### DATA TO USE
###

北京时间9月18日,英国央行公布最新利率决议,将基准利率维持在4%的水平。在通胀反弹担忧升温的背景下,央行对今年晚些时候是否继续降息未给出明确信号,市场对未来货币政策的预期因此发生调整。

###

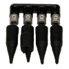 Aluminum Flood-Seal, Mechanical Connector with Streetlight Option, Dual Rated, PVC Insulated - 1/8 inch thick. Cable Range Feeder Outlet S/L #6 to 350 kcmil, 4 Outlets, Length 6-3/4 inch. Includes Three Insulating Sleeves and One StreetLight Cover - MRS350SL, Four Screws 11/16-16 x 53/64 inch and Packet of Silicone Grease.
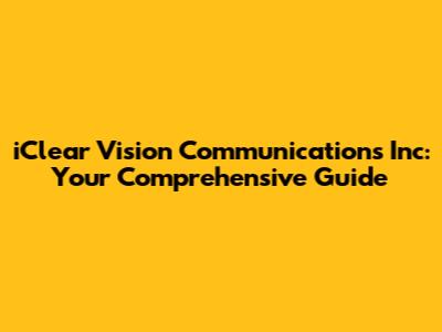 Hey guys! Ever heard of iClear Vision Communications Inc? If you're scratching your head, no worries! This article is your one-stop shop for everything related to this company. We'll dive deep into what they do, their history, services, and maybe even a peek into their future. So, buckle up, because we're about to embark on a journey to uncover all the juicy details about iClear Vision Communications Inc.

###

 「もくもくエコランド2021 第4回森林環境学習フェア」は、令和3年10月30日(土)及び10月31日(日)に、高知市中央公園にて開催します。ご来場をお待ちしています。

###

### TASK INSTRUCTIONS
Your answer must be the exact lines from the records above, from the one containing "Aluminum Flood-Seal, Mechanical" through the one containing "Hey guys! Ever", both included, with every picture left out.

### TASK OUTPUT
 Aluminum Flood-Seal, Mechanical Connector with Streetlight Option, Dual Rated, PVC Insulated - 1/8 inch thick. Cable Range Feeder Outlet S/L #6 to 350 kcmil, 4 Outlets, Length 6-3/4 inch. Includes Three Insulating Sleeves and One StreetLight Cover - MRS350SL, Four Screws 11/16-16 x 53/64 inch and Packet of Silicone Grease.
 Hey guys! Ever heard of iClear Vision Communications Inc? If you're scratching your head, no worries! This article is your one-stop shop for everything related to this company. We'll dive deep into what they do, their history, services, and maybe even a peek into their future. So, buckle up, because we're about to embark on a journey to uncover all the juicy details about iClear Vision Communications Inc.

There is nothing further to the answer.